Case Name: Futia Realty Company, Inc., Appellant, v. OLC Associates Limited Partnership et al., Respondents
Court: New York Supreme Court, Appellate Division
Jurisdiction: New York
Decision Date: 1996-06-20
Citations: 228 A.D.2d 913
Docket Number: 
Parties: Futia Realty Company, Inc., Appellant, v OLC Associates Limited Partnership et al., Respondents.
Judges: 
Reporter: Appellate Division Reports
Volume: 228
Pages: 913–915

Head Matter:
Futia Realty Company, Inc., Appellant, v OLC Associates Limited Partnership et al., Respondents.
[644 NYS2d 420]

Opinion:
Crew III, J.
In 1989 Eugene Weiss, a limited partner in defendant OLC Associates Limited Partnership, which consists of, among others, defendant IKS, Inc., executed a memorandum of intent, pursuant to the terms of which Weiss agreed to purchase certain assets held by plaintiff's shareholders. The agreement provided that Weiss or his buyer entity would assume certain indebtedness, including a debt owed to plaintiff by Delta D & I Corporation, a related corporation in which Francis Futia was a shareholder, which was payable in a lump sum five years after the date of the closing. The closing apparently occurred on July 12, 1989, at which time Weiss assigned his rights and obligations under the agreement to defendants, and the "Futia Realty debt", as it was known, was booked as a liability on OLC's financial statements.

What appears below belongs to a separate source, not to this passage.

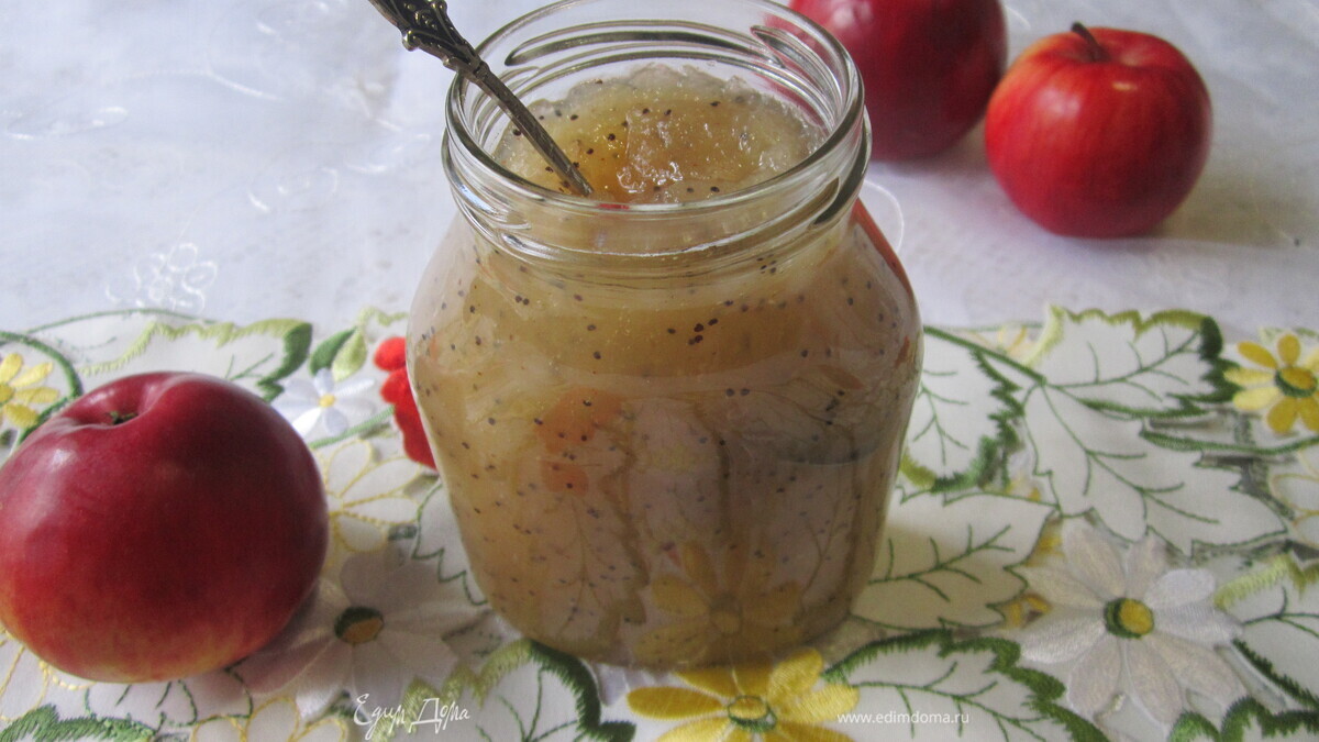 В джем добавить корицу. Довести до кипения и варить, постоянно помешивая, на маленьком огне около 15 минут. Мак обжарить на сухой сковороде, истолочь и добавить к джему. Готовить ещё 5 минут. - Шаг 3

In January 1995, plaintiff apparently demanded payment of the outstanding debt, and when defendants refused plaintiff commenced this action. Following joinder of issue and discovery, plaintiff moved for summary judgment. Supreme Court denied the motion, finding that a question of fact existed as to whether the Statute of Frauds had been violated and, further, whether Delta was a necessary party. This appeal by plaintiff followed.
There must be a reversal. The agreement executed by Weiss in April 1989 provided that he would assume certain indebtedness, including the related corporate debt, i.e., the Futia Realty debt, which "shall be approximately $182,000 at [c]losing and shall be rewritten to be payable in one lump sum, without interest, five (5) years after [closing". The agreement further provided that "[tjhese assumed debts are liabilities which are now, and shall be at [c]losing, owed to those parties by [among others, Delta]".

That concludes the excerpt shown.